Présenté en avant-première à l’occasion de la toute première édition du FESTIFF à l’Isle-sur-la-Sorgue, le nouveau long-métrage de Jean-Luc Gaget, Une fille en or, a été chaleureusement applaudi par le public.
C’est l’histoire d’un amour des contraires, un conte à la fois tendre et drôle que nous livre, presque par surprise, le réalisateur. Pour son deuxième long-métrage – après J’ai tué Clémence Acéra en 2001 –, le cinéaste, bien connu pour son talent de scénariste, nous emmène aux antipodes de son premier film, un thriller psychologique sombre.

Il s’empare ici de la comédie romantique avec sa touche personnelle : douceur et humour loufoque. Le jour où Clémence (Pauline Clément, de la Comédie-Française) prend conscience que personne ne l’a jamais vraiment admirée, son père meurt. Petite sœur d’une aînée aussi belle que brillante, maladroite et un peu perdue dans sa vie, Clémence n’a d’autre choix que de reconstruire une estime de soi qu’elle ne soupçonnait pas si fragile. Le destin met alors sur son chemin son nouveau patron, Paul (Arthur Dupont), surnommé « Paul Pot » en raison de son comportement tyrannique.

Deux mondes que tout oppose.
Tout commence dans un groupe de parole. Dans une salle triste à mourir, aux murs blancs, un coach anime une séance avec quelques « brebis égarées » en quête d’un peu de confiance en elles. Parmi elles, la grande rouquine au visage long et anguleux esquisse de petits sourires gênés. La question du coach tombe sur elle : « Et vous, Clémence, qui vous a un jour admirée ? » …Depuis l’enfance, celle que son père surnommait affectueusement sa « petite numéro 2 » et qu’il oubliait de remercier lors de son discours d’anniversaire, n’a jamais vraiment trouvé sa place. Études inachevées, petits boulots précaires, chômage…

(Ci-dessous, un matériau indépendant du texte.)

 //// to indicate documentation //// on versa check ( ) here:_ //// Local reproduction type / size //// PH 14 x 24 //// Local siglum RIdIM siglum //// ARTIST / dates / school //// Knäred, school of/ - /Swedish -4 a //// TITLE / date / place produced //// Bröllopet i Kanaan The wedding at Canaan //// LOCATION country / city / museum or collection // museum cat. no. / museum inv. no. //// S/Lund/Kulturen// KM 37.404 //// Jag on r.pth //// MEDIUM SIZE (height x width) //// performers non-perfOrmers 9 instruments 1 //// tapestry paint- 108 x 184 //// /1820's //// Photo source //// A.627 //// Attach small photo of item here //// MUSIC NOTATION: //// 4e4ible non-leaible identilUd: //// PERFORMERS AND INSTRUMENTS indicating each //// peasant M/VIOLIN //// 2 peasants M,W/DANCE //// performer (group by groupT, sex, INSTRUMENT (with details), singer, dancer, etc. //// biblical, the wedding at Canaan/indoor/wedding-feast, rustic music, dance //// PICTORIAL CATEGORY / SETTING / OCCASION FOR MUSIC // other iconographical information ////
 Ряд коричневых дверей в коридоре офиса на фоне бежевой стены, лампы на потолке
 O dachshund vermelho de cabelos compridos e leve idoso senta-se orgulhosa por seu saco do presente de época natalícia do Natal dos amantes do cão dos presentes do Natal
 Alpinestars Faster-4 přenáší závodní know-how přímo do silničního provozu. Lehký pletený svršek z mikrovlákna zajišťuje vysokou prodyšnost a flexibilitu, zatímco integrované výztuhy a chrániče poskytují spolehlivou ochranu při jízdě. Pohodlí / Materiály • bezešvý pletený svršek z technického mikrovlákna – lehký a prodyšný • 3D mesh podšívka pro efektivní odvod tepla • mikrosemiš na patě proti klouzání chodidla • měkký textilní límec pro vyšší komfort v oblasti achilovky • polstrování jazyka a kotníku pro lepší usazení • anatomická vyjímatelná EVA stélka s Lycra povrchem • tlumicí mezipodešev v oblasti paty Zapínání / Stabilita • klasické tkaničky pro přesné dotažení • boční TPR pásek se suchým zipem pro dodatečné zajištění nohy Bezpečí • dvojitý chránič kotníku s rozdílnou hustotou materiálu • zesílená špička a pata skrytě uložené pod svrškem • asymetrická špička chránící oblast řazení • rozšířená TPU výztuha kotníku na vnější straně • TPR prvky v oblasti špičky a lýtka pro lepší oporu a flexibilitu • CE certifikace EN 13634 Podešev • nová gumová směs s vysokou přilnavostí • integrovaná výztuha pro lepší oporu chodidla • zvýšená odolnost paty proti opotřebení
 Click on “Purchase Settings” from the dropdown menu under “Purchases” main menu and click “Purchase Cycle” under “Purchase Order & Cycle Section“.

Aujourd’hui, son appartement est envahi depuis trois ans par un colocataire artiste, fantasque et égocentrique, qui couche avec elle quand cela l’arrange. Mais cette grande question de l’admiration va devenir le point de départ d’une quête personnelle et d’un amour inattendu. Clémence se souvient alors de la seule personne qui l’ait jamais admirée : Quentin (Quentin Dolmaire, parfait), son camarade de CM2.

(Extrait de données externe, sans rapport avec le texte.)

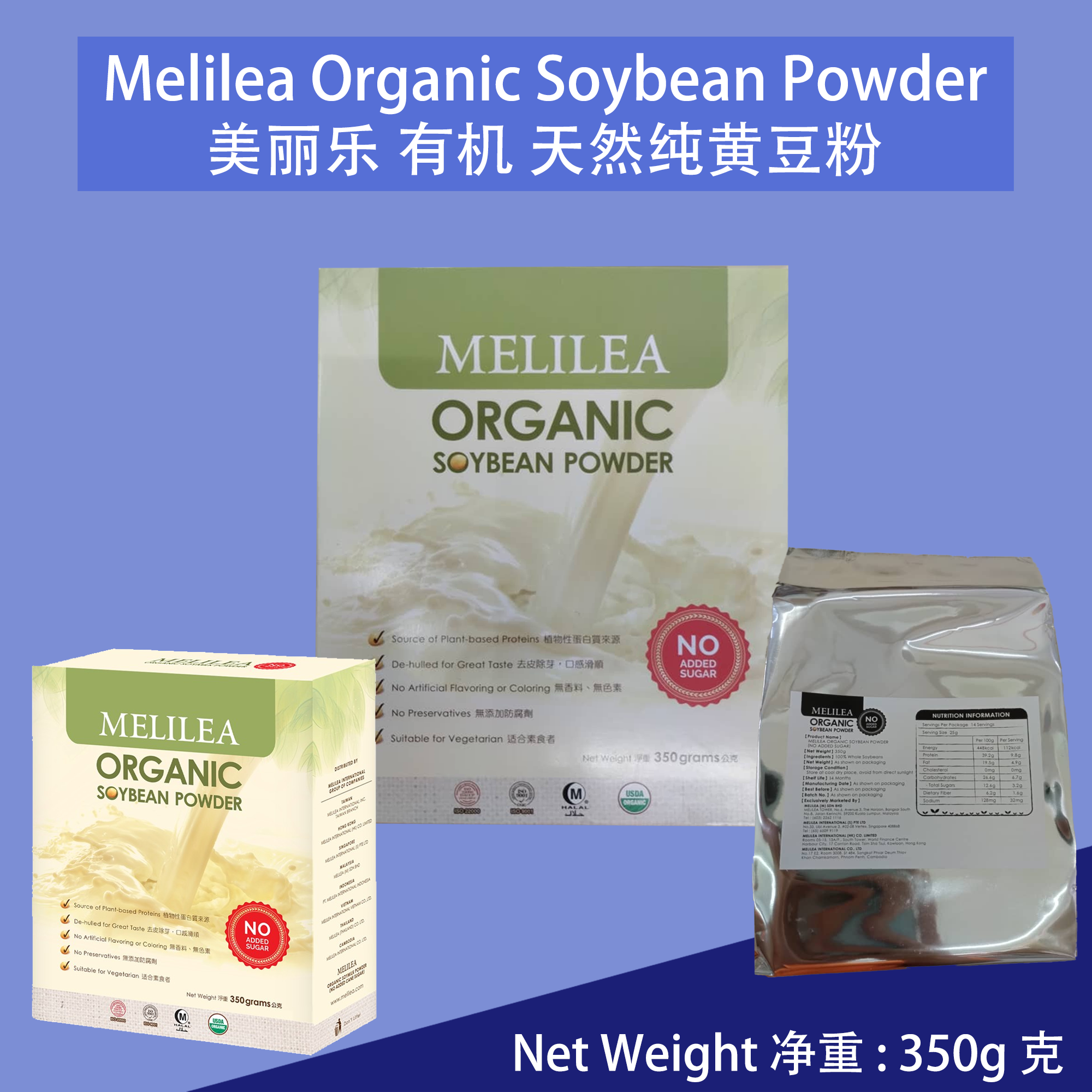 MELILEA ORGANIC SOYBEAN POWDER (No Added Sugar) 美丽乐有机无添加糖大豆粉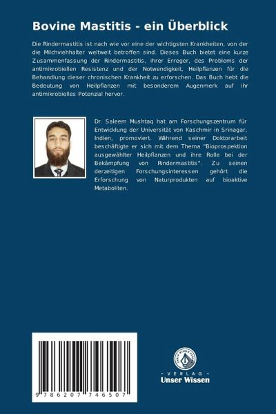 Die Rindermastitis ist nach wie vor eine der wichtigsten Krankheiten, von der die Milchviehhalter weltweit betroffen sind. Dieses Buch bietet eine kurze Zusammenfassung der Rindermastitis, ihrer Erreger, des Problems der antimikrobiellen Resistenz und der Notwendigkeit, Heilpflanzen für die Behandlung dieser chronischen Krankheit zu erforschen. Das Buch hebt die Bedeutung von Heilpflanzen mit besonderem Augenmerk auf ihr antimikrobielles Potenzial hervor.
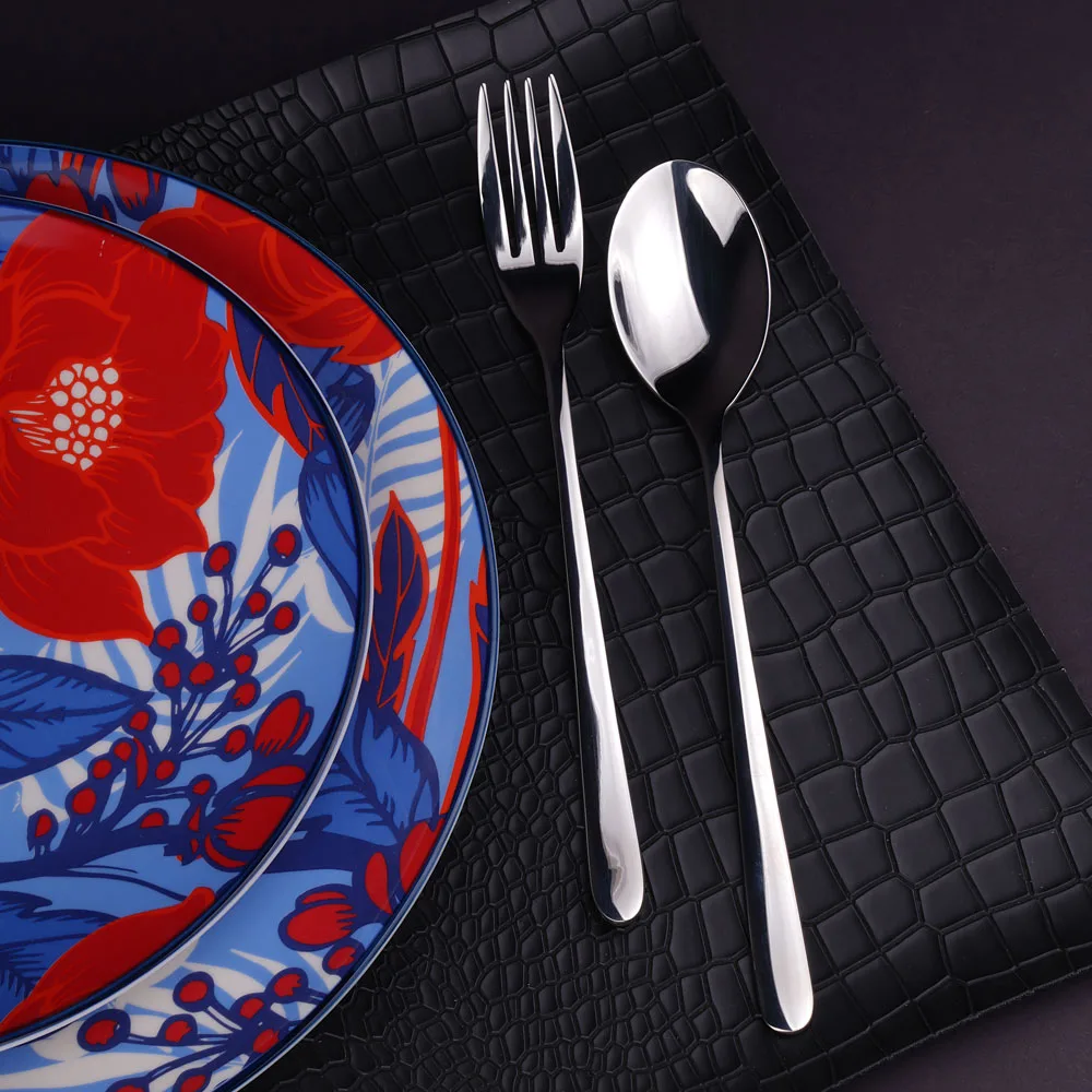 سرویس ۸۶ پارچه مشتمل بر: ۱۲ عدد قاشق غذاخوری – ۱۲ عدد چنگال غذاخوری – ۱۲ عدد کارد غذاخوری – ۱۲ عدد قاشق چایخوری – ۱۲ عدد چنگال میوهخوری – ۱۲ عدد قاشق مربا خوری -۲ عدد کفگیر -۲ عدد چنگال گوشت -۲ عدد قاشق خورشت – ۱ عدد ملاقه گوشت – ۱ عدد قاشق سرو سالاد – ۱ عدد چنگال سرو سالاد – ۱ عدد کاردک سرو کیک – ۱ عدد انبر شیرینی – ۱ عدد قاشق شکر – ۱ عدد قاشق سوپخوری – ۱ عدد ملاقه سوپ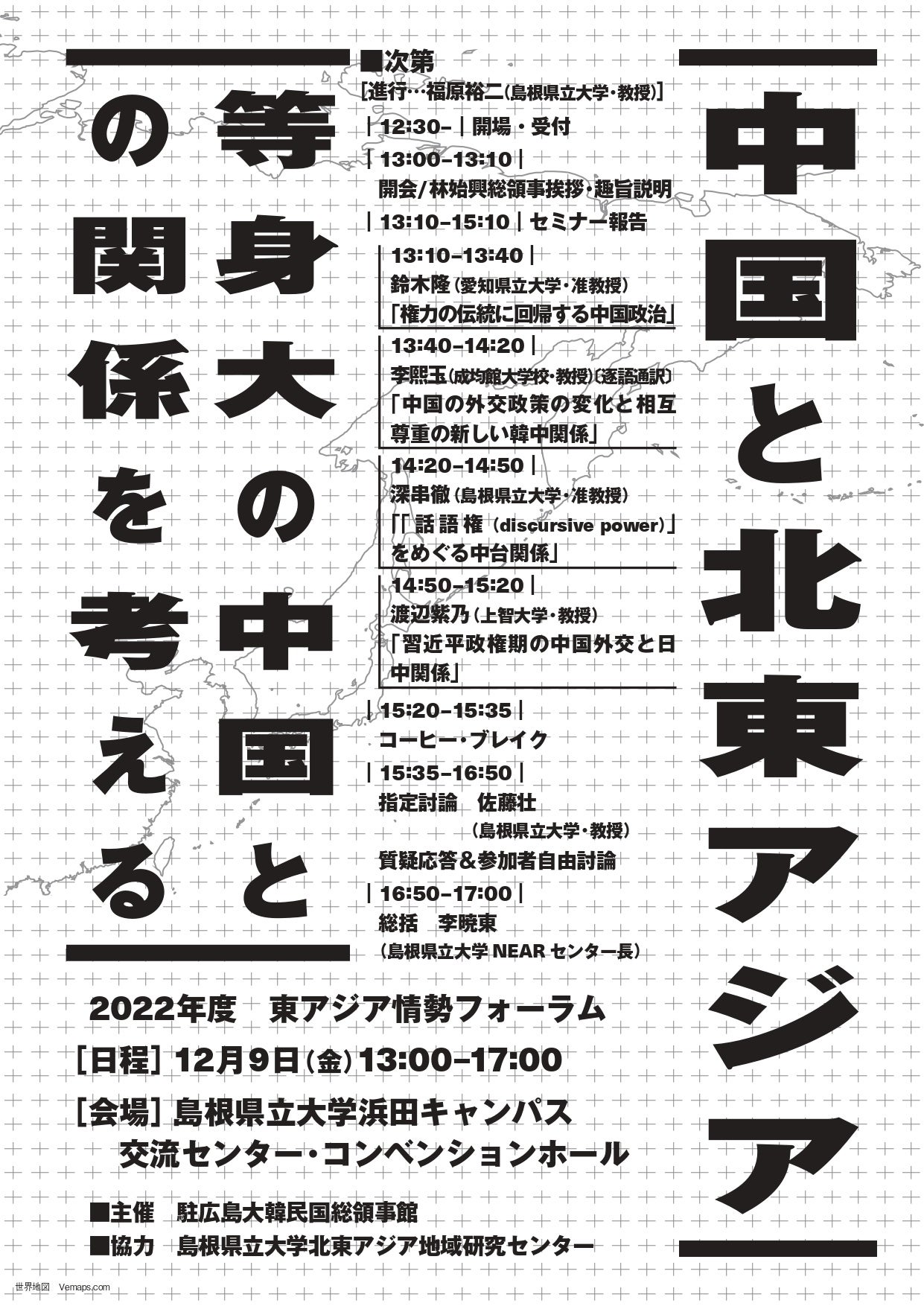 『2022年度 東アジア情勢フォーラム』を12月9日(金)に開催します【島根県立大学】

Il y a quelque chose de magique dans la réalisation de Jean-Luc Gaget : ce conte aux personnages si caricaturaux fonctionne pourtant à merveille.
Chaque personnage est délicieusement « trop », poussé au superlatif, à l’image des dizaines – voire des centaines – de post-it que Paul le tyran colle partout dans les parties communes de l’immeuble de la sœur aînée de Clémence, Bianca, pour se plaindre du bruit, des poussettes qui traînent… De tout !

Un conte où l’on ne s’étonne même pas qu’un voyant prédise à Paul qu’il va rencontrer la prochaine femme de sa vie au sein de son entreprise, qu’elle adore jouer au Scrabble et qu’elle a eu « un zona au niveau des parties intimes et qu’elle aurait mieux fait de porter une jupe pour que ça la démange moins ». Avec Une fille en or, Jean-Luc Gaget nous offre une grande scène de théâtre sur grand écran : tendre, drôle et délicieusement excentrique.